For the map function, assume that the function is called once for each line of input and contains the parameters mentioned above. Explain any processing logic that takes place in the map worker to pre-process, discard, duplicate, or combine data. Also, be sure to state the sequence of data that each map worker emits, with the first item being the key. You may use the pseudocode emit(a, b, c, ...) to represent the sequence of data that a map worker emits.
For the reduce function, assume that each worker is invoked with the parameters <key, data_list>. You may use “for each X in data_list” pseudocode to iterate over each of the items in data_list. You may also use the pseudocode emit(a, b, c, ...) to represent the sequence of data that a reduce worker emits. Explain any processing logic that takes place in the reduce worker.

Map(timestamp, ticker_symbol, sale_price, share_count):

Reduce(key, data_list):
6 points
How can Bob use Alice’s X.509 digital certificate to authenticate Alice? Explain the sequence of steps needed. Ignore the need to validate the certificate.

Part II – 87 points – 3 points each

For each statement, select the most appropriate answer. You may omit one question.

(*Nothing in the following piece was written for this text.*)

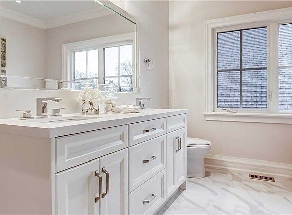 House For Sale With 4 Bedroom + 1 Bedroom Basement , 5 Washroom + 1 Washroom (Basement)And Finest Quality Of Finishes In Mineola Backing To Spruce Park With 10Ft Ceiling On Main Floor, Gourmet Kitchen With High End Appliances, Servery,Pantry, Walkout To Covered Porch With Cedar Ceiling , Floor To Ceiling Windows In Family Room, Professional Office, 4 Large Rooms With Ensuites And Closets. ,Master Bedroom With Heated Washroom Floor And Lot Of Upgrades.

Please indicate your choice clearly.

Akamai addresses the flash crowd problem by
(a) Transparently replicating data on servers managed by Akamai.
(b) Providing a clustering solution for a company’s data center.
(c) Multihoming: connecting a customer’s machines to multiple networks to guard against ISP failure.
(d) Connecting a company’s machines to Akamai’s network instead of the Internet.
Unlike conventional DNS servers, Akamai’s dynamic DNS
(a) Will likely provide a different IP address to the same query depending on where the request comes from.
(b) Will track changing IP addresses for a server and provide the latest address in response to a query.
(c) Can handle multiple requests concurrently.
(d) Will return different IP addresses to the same query to load balance requests among a customer’s machines.
Akamai’s load shedding is the process of
(a) Not returning the IP addresses of heavily loaded machines in response to a DNS query.
(b) Migrating jobs from heavily loaded machines to more lightly loaded machines.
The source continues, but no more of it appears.